Белые вспышки молний слепили, многократно отражаясь в мокрых каменных срезах холмов, вдоль которых спускалась в город узкая извилистая лента выщербленного асфальта. Она шла спиралью, почти кольцами – одно над другим, вдоль всей каменной чаши. Сидевшему в машине человеку вдруг стало казаться, что зеленый военный «мерседес», на заднем сиденье которого он ехал с молчаливым лейтенантом гвианийской армии, – люлька гигантской ярмарочной карусели, а белый губернаторский дом далеко внизу, в центре города, – ее ось.

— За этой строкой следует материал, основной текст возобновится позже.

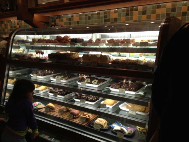 Barbie and I split the delicious Salami Royale Sandwich, layers of Salami, Fennel Salami, Sopressata, Provolone & Asiago Cheeses, Pepperoncini, Red Onions and Olive Tapenade on Ciabatta Bread, for $8.99, and an Mocha Latte.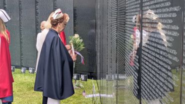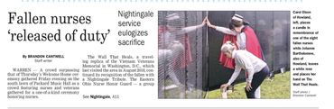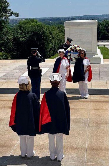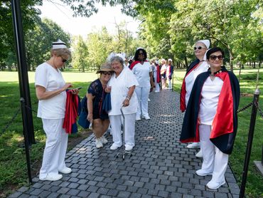 We hope to inspire others to consider this profession and remind audiences to respect and value nurses throughout the world. We've had a busy year with having an inaugural tribute to the 8 women who are on The Wall that Heals, being able to place a wreath at Tomb of the Unknown Soldier and had a posthumous service for a Civil War nurse. We've have 15 new guards this year bringing our total count to almost 70. We are honored to honor our colleagues. Nurses honoring nurses.
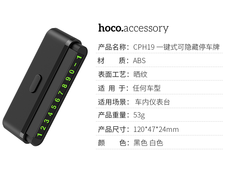商品名称:hoco./浩酷一键式可隐藏停车牌CPH19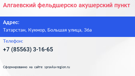 Алгаевский фельдшерско-акушерский пункт по адресу Татарстан, Кукмор, Большая улица, 36а в дальнейшем Организация, размещена в следующих категориях: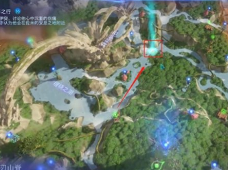 7、结束之后开启地图,就能看到目标位置发生了改变需要前往薄纱湖区域闪光瀑布的附近。

Молоденький лейтенант со щегольской щеточкой усиков то и дело посматривал на дешевые контрабандные часы, но не торопил водителя. Шофер сидел бесстрастный, равнодушный. И машина и шофер принадлежали губернатору, и лейтенант, получивший адъютантскую должность при губернаторе всего две недели назад, еще не рисковал ими распоряжаться.
Покружив по гигантской асфальтовой спирали, машина наконец ворвалась в притихший сырой город и понеслась по пустой, покрытой красной грязью улице без тротуаров, вдоль которой тянулись подслеповатые одноэтажные домишки. Глиняные стены их, когда-то белые, за сезон дождей посерели, были забрызганы грязью из-под колес проезжавших мимо машин.
Из огороженных глиняными стенами двориков уже тянулись горьковатые дымки жаровен и неподвижно висели над рыжим от ржавчины железом мокрых крыш: горожане встречали наступающий вечер. Улица неожиданно круто повернула и с разбега уперлась в темно-зеленые решетчатые створки ворот, от которых по обе стороны тянулась невысокая, увитая лианами стена из дикого, беленного известью камня, за ней была другая стена – мокрые темно-зеленые кроны могучих деревьев манго.
Солдаты с закинутыми за плечи прикладом вверх карабинами, в потемневших от дождя маскировочных куртках поспешно открыли решетчатые створки чугунных ворот, на которых красовались белые с золотом гербы округа – единорог и лев под скрещенными мечами.
За воротами открылась длинная, посыпанная хрустким гравием аллея – и через минуту «мерседес» резко затормозил у губернаторского дома, двухэтажного, с белыми колоннами по фасаду, с высокой красной кирпичной трубой. Как и требовал колониальный стиль, у деревянного крыльца стояли на белых бетонных тумбах старинные чугунные пушки времен первых португальских визитов в Западную Африку. Два гигантских, выше дома, слоновых клыка возвышались там, где кончалась манговая аллея, их острые концы скрещивались и поддерживали большую, раскрашенную под золото нелепую корону. Это были лишь символы – проволочные каркасы, обмотанные широкой брезентовой лентой, напоминавшие о тех временах, когда по просторам провинции бродили огромные стада никого и ничего не боявшихся слонов.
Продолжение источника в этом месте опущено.